# [WHAT IS NEEDED]
Transcribe the entries below word for word, beginning at the line with "江顏君,是一個(gè)既愛(ài)美又喜" and stopping after the line with "王女士称,自己胳膊被灼伤,一碰就疼,没想到气球危害这么大。"; drop all pictures.

# [WORKING DATA]
__________
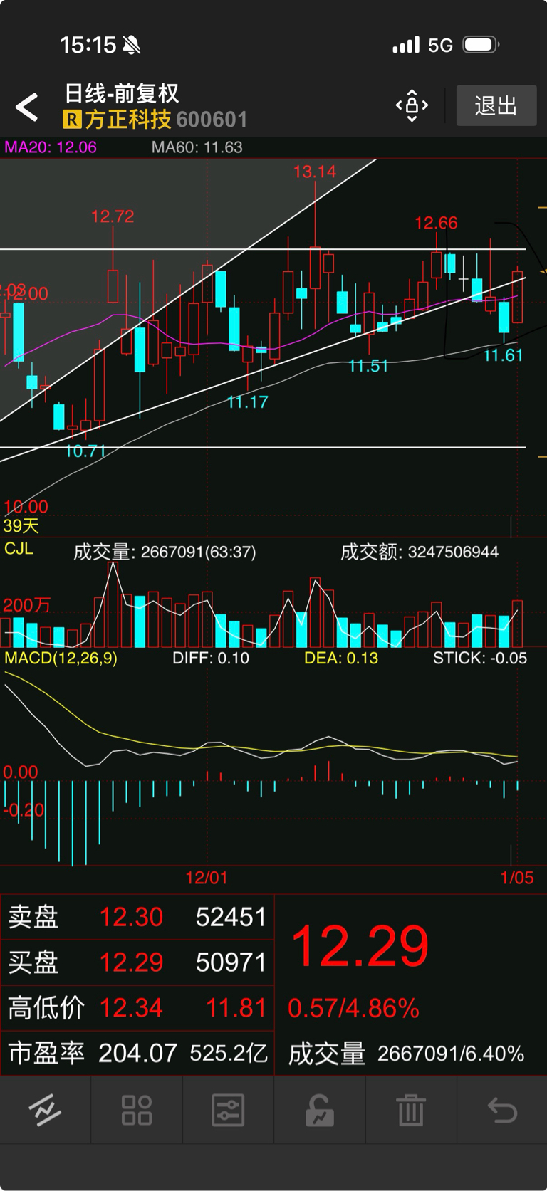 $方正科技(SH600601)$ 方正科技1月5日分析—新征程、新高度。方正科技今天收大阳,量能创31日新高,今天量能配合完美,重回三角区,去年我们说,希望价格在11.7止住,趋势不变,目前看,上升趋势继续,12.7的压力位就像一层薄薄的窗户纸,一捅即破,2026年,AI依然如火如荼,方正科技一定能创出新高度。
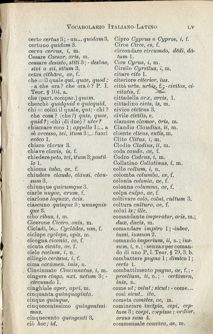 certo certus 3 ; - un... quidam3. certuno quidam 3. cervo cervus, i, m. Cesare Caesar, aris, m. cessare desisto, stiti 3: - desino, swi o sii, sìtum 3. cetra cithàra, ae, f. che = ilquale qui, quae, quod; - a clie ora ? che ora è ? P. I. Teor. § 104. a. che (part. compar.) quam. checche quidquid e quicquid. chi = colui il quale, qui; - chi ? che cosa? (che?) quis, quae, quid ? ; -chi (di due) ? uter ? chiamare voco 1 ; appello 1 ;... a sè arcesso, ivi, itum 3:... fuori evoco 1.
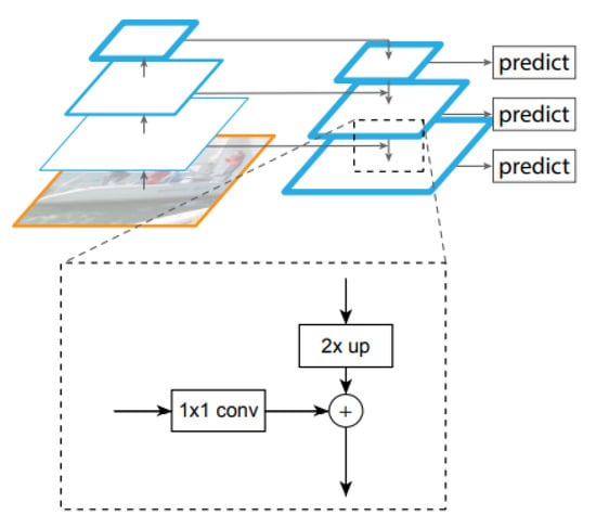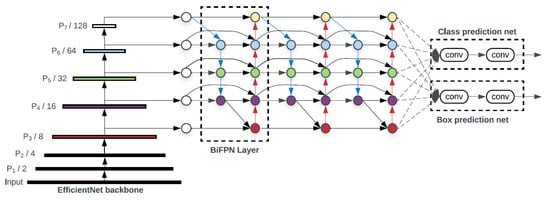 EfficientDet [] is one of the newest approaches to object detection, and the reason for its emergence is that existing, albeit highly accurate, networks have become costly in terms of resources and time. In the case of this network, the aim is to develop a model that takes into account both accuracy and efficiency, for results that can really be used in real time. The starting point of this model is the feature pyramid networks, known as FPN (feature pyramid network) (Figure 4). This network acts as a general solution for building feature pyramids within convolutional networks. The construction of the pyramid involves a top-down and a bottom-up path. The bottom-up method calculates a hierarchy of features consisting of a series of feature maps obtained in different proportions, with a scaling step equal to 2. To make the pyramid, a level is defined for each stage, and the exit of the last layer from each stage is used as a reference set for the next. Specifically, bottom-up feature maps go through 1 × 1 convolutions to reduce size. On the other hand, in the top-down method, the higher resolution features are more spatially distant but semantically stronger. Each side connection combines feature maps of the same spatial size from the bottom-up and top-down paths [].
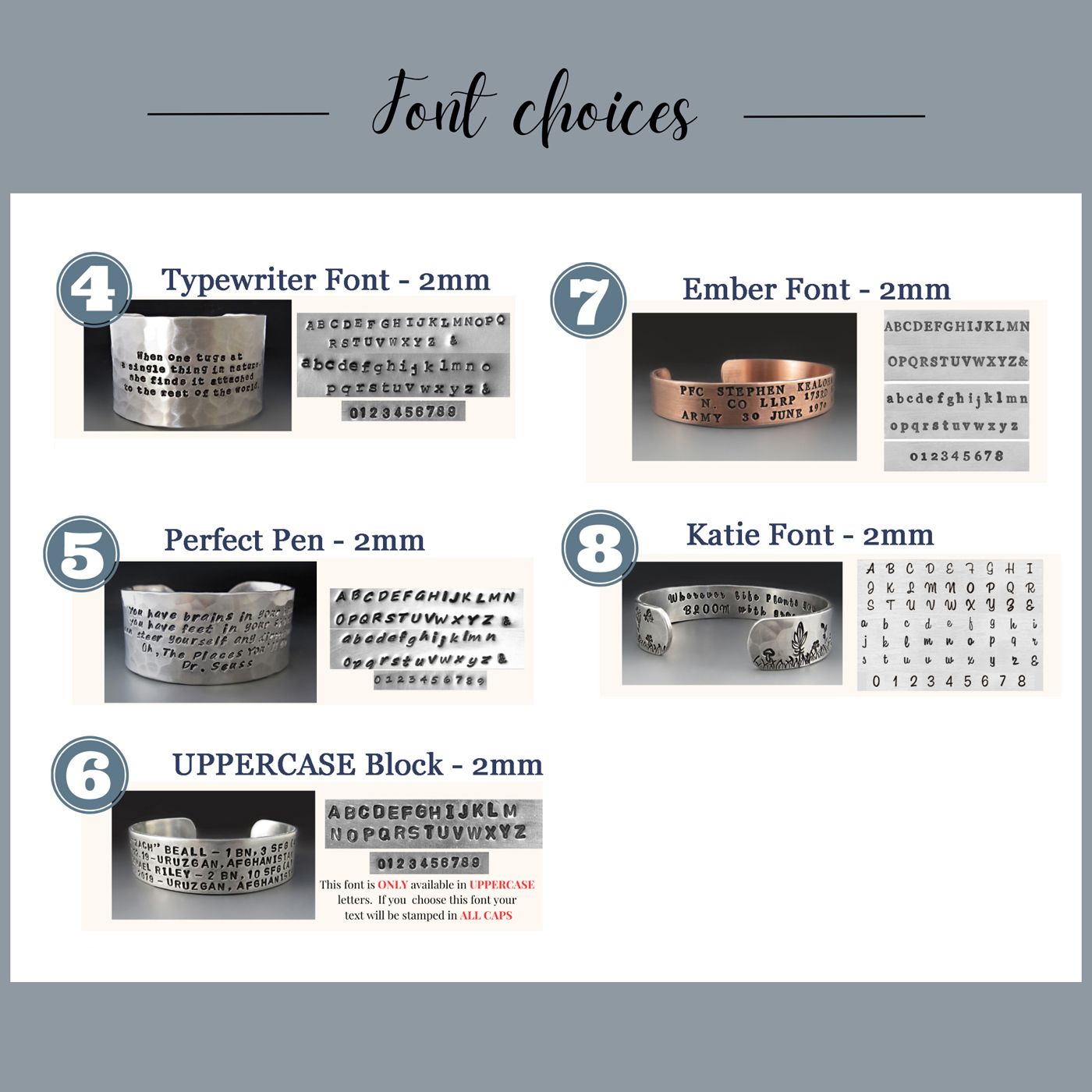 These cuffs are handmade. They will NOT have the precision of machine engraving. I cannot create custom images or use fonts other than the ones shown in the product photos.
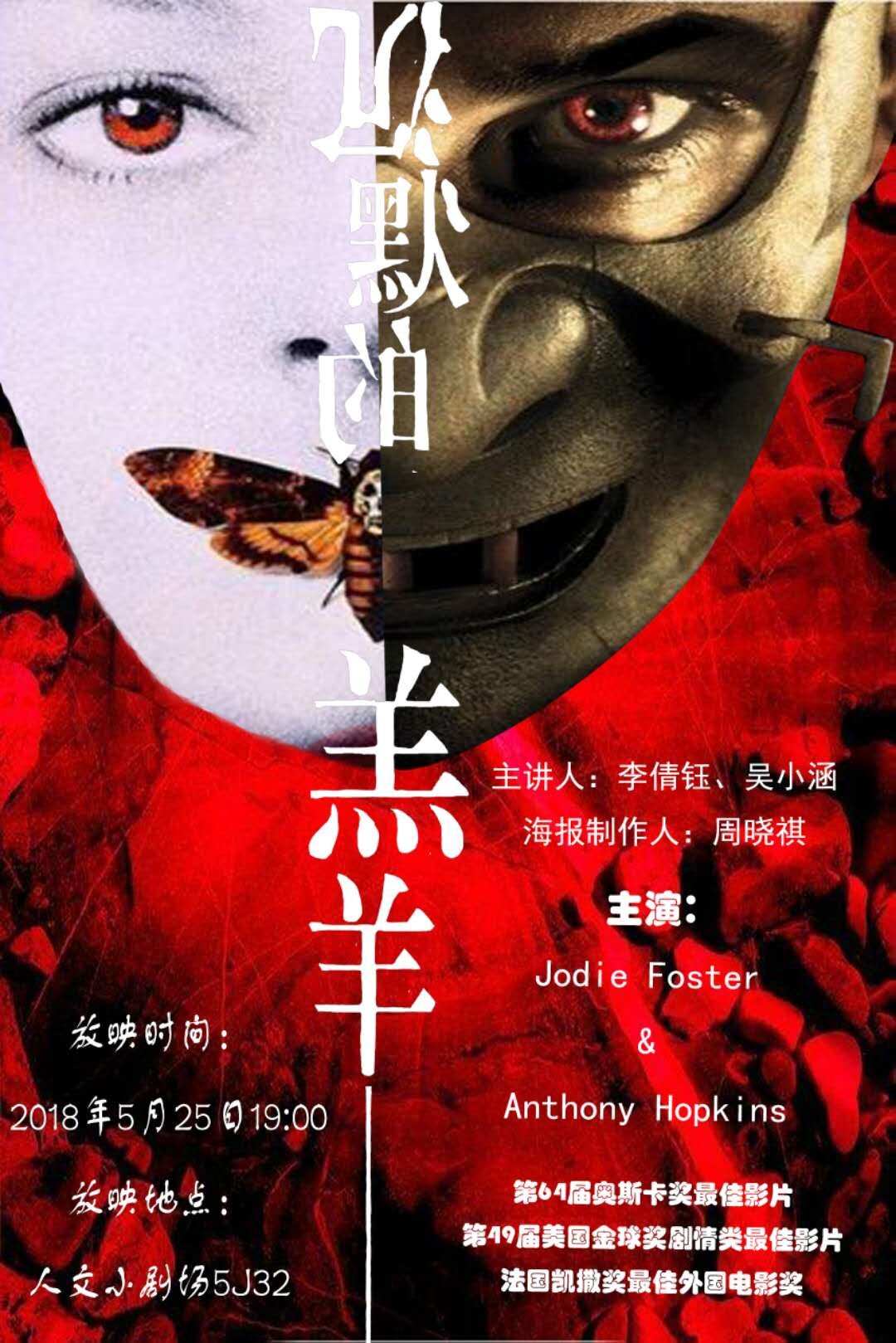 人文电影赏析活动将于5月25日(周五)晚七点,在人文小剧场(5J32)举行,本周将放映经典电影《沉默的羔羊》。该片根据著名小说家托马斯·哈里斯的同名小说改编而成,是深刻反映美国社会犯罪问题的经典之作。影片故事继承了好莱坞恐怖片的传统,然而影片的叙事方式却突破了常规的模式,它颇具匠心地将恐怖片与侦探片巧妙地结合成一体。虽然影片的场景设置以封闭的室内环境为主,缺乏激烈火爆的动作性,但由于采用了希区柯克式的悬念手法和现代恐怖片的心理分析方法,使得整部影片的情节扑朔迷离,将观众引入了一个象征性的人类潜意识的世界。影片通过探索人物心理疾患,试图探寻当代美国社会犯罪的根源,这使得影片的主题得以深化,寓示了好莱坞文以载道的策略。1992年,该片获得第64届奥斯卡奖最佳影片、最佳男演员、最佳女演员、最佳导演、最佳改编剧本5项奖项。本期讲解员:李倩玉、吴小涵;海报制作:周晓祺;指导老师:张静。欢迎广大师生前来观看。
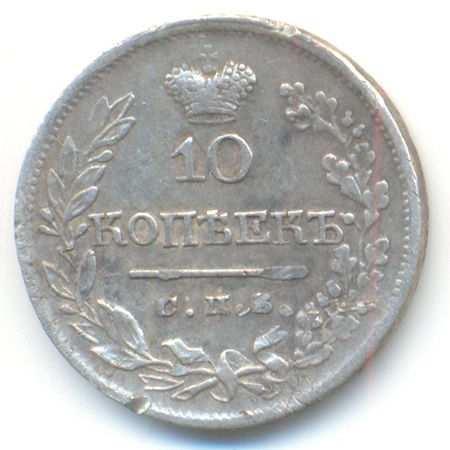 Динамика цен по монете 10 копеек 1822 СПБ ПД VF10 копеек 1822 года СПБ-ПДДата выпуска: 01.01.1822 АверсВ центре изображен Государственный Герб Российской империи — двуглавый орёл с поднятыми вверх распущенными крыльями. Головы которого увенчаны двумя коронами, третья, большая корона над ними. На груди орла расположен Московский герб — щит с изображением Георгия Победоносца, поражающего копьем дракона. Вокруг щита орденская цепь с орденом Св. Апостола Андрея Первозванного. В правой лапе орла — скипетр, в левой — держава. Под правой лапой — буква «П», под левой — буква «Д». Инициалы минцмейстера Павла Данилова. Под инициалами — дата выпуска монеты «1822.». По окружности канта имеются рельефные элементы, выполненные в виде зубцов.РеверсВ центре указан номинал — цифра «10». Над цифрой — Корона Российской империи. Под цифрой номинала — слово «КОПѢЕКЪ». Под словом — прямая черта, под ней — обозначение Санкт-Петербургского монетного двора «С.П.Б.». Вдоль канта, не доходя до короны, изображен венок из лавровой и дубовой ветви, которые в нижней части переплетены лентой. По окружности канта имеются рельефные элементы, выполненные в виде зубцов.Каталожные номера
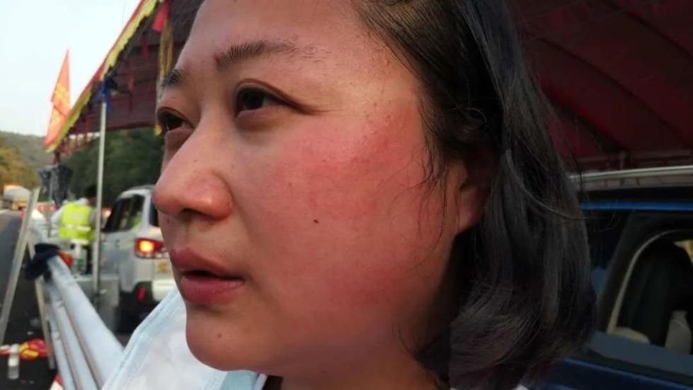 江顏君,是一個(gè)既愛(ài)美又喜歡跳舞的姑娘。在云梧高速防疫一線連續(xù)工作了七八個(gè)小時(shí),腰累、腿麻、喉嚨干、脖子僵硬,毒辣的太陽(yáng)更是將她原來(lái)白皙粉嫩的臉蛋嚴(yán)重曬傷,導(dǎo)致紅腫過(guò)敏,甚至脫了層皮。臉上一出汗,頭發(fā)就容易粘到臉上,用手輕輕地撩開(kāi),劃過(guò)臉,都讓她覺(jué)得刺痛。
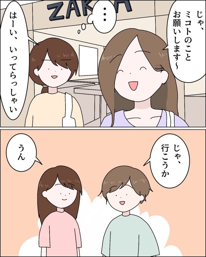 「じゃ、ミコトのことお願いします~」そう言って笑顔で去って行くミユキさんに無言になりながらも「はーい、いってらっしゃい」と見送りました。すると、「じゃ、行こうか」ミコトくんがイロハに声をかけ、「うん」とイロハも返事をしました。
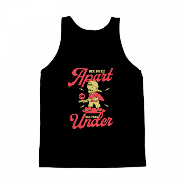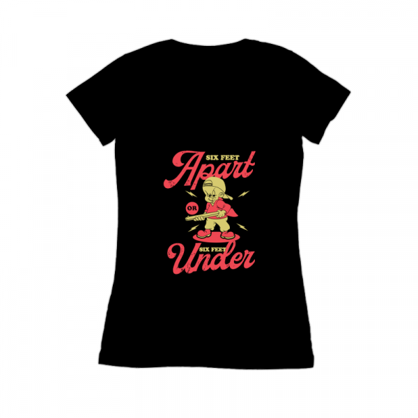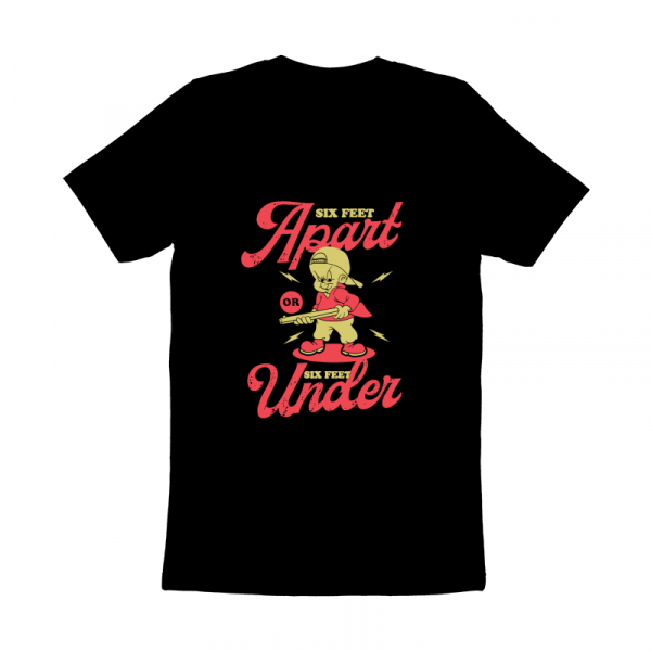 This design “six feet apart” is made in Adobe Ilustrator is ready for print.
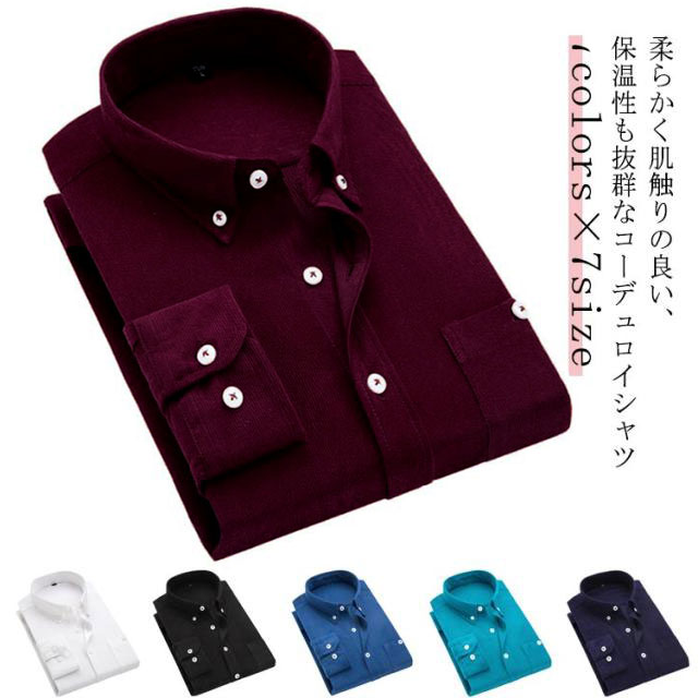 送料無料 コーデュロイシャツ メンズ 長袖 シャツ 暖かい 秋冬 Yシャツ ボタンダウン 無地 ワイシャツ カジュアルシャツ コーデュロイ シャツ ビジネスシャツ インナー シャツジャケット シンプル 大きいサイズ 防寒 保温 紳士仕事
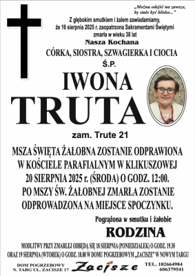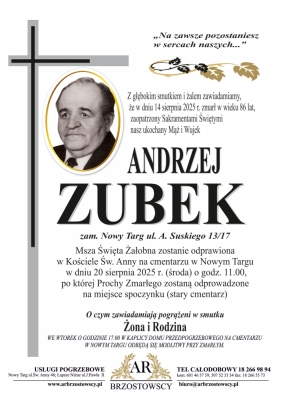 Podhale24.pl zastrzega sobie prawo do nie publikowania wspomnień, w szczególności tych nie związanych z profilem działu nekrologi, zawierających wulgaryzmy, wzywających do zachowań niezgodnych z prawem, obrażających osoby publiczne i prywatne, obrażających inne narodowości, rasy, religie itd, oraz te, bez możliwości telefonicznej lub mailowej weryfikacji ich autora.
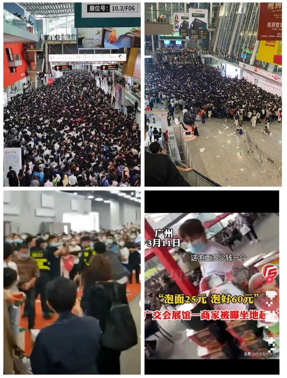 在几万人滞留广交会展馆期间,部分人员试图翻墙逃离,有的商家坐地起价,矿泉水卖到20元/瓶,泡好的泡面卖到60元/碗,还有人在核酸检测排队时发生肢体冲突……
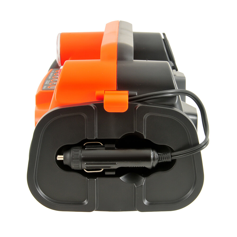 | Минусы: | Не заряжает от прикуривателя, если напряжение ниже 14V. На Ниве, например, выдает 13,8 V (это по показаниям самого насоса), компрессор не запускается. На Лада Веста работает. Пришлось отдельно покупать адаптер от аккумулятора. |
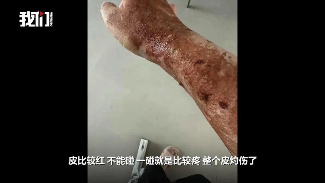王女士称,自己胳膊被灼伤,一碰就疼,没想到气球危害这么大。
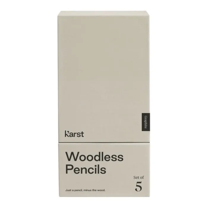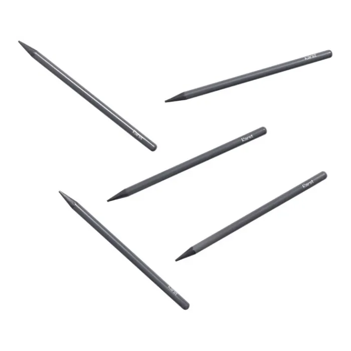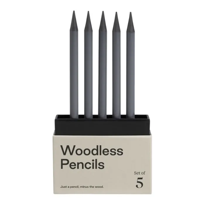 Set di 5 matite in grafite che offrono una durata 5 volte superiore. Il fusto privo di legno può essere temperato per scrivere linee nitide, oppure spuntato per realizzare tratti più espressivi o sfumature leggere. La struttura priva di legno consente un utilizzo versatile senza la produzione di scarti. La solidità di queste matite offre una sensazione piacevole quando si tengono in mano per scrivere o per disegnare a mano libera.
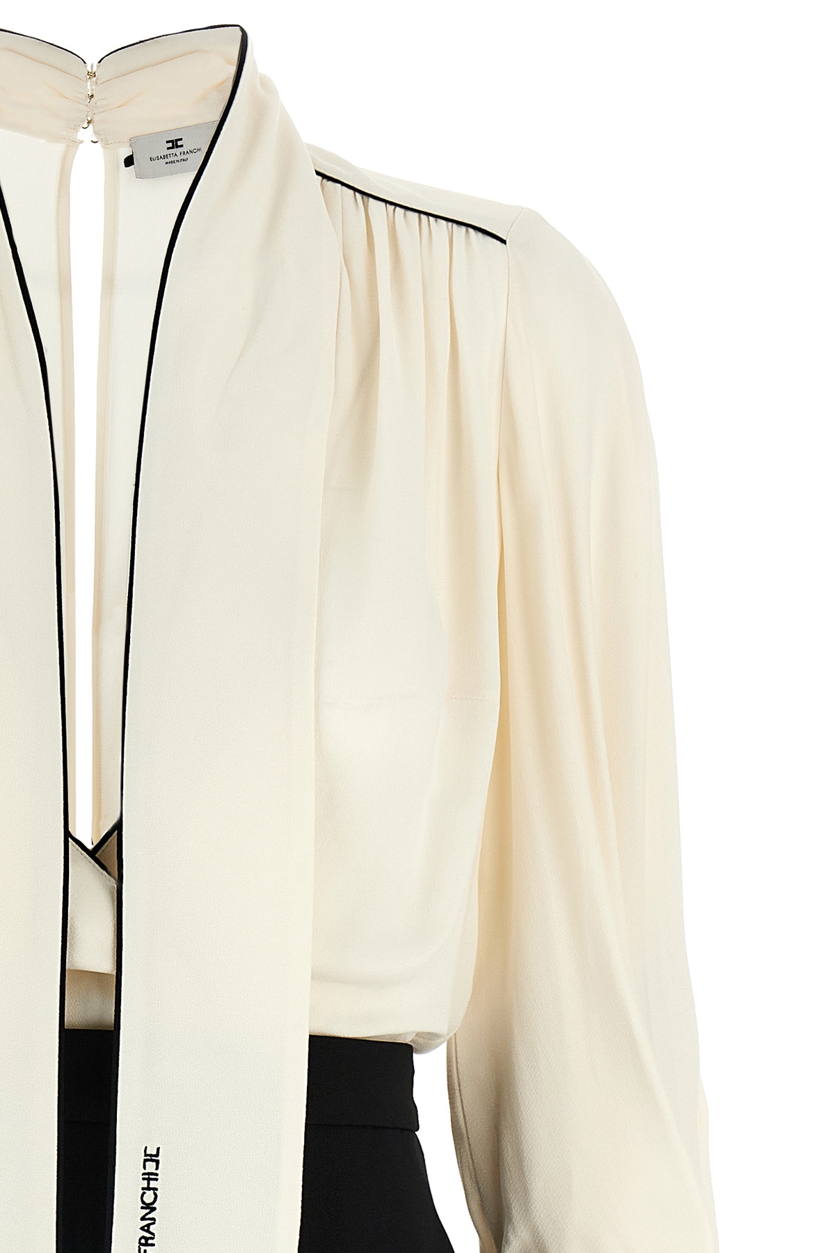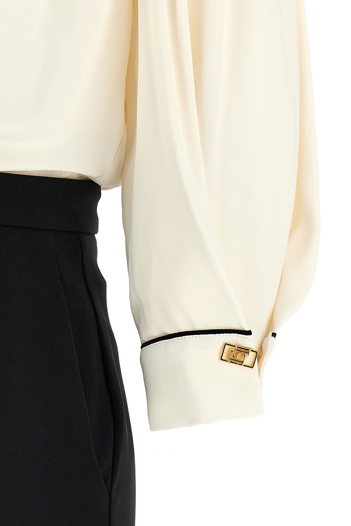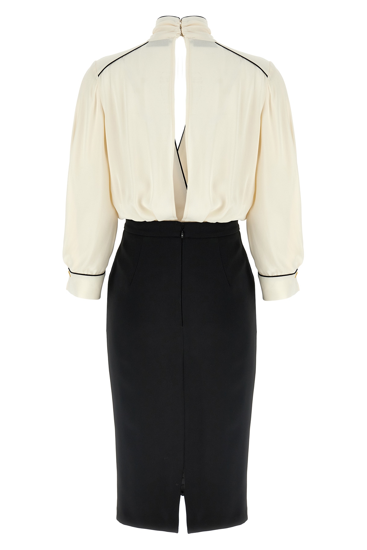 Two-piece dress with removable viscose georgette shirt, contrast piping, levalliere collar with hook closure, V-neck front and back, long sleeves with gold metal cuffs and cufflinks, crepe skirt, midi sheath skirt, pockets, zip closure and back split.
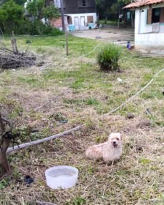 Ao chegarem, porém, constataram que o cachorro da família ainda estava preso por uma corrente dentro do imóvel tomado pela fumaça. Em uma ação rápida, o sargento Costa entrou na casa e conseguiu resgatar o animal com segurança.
__________
# [THE COMPLETED TASK]
 江顏君,是一個(gè)既愛(ài)美又喜歡跳舞的姑娘。在云梧高速防疫一線連續(xù)工作了七八個(gè)小時(shí),腰累、腿麻、喉嚨干、脖子僵硬,毒辣的太陽(yáng)更是將她原來(lái)白皙粉嫩的臉蛋嚴(yán)重曬傷,導(dǎo)致紅腫過(guò)敏,甚至脫了層皮。臉上一出汗,頭發(fā)就容易粘到臉上,用手輕輕地撩開(kāi),劃過(guò)臉,都讓她覺(jué)得刺痛。
 「じゃ、ミコトのことお願いします~」そう言って笑顔で去って行くミユキさんに無言になりながらも「はーい、いってらっしゃい」と見送りました。すると、「じゃ、行こうか」ミコトくんがイロハに声をかけ、「うん」とイロハも返事をしました。
 This design “six feet apart” is made in Adobe Ilustrator is ready for print.
 送料無料 コーデュロイシャツ メンズ 長袖 シャツ 暖かい 秋冬 Yシャツ ボタンダウン 無地 ワイシャツ カジュアルシャツ コーデュロイ シャツ ビジネスシャツ インナー シャツジャケット シンプル 大きいサイズ 防寒 保温 紳士仕事
 Podhale24.pl zastrzega sobie prawo do nie publikowania wspomnień, w szczególności tych nie związanych z profilem działu nekrologi, zawierających wulgaryzmy, wzywających do zachowań niezgodnych z prawem, obrażających osoby publiczne i prywatne, obrażających inne narodowości, rasy, religie itd, oraz te, bez możliwości telefonicznej lub mailowej weryfikacji ich autora.
 在几万人滞留广交会展馆期间,部分人员试图翻墙逃离,有的商家坐地起价,矿泉水卖到20元/瓶,泡好的泡面卖到60元/碗,还有人在核酸检测排队时发生肢体冲突……
 | Минусы: | Не заряжает от прикуривателя, если напряжение ниже 14V. На Ниве, например, выдает 13,8 V (это по показаниям самого насоса), компрессор не запускается. На Лада Веста работает. Пришлось отдельно покупать адаптер от аккумулятора. |
王女士称,自己胳膊被灼伤,一碰就疼,没想到气球危害这么大。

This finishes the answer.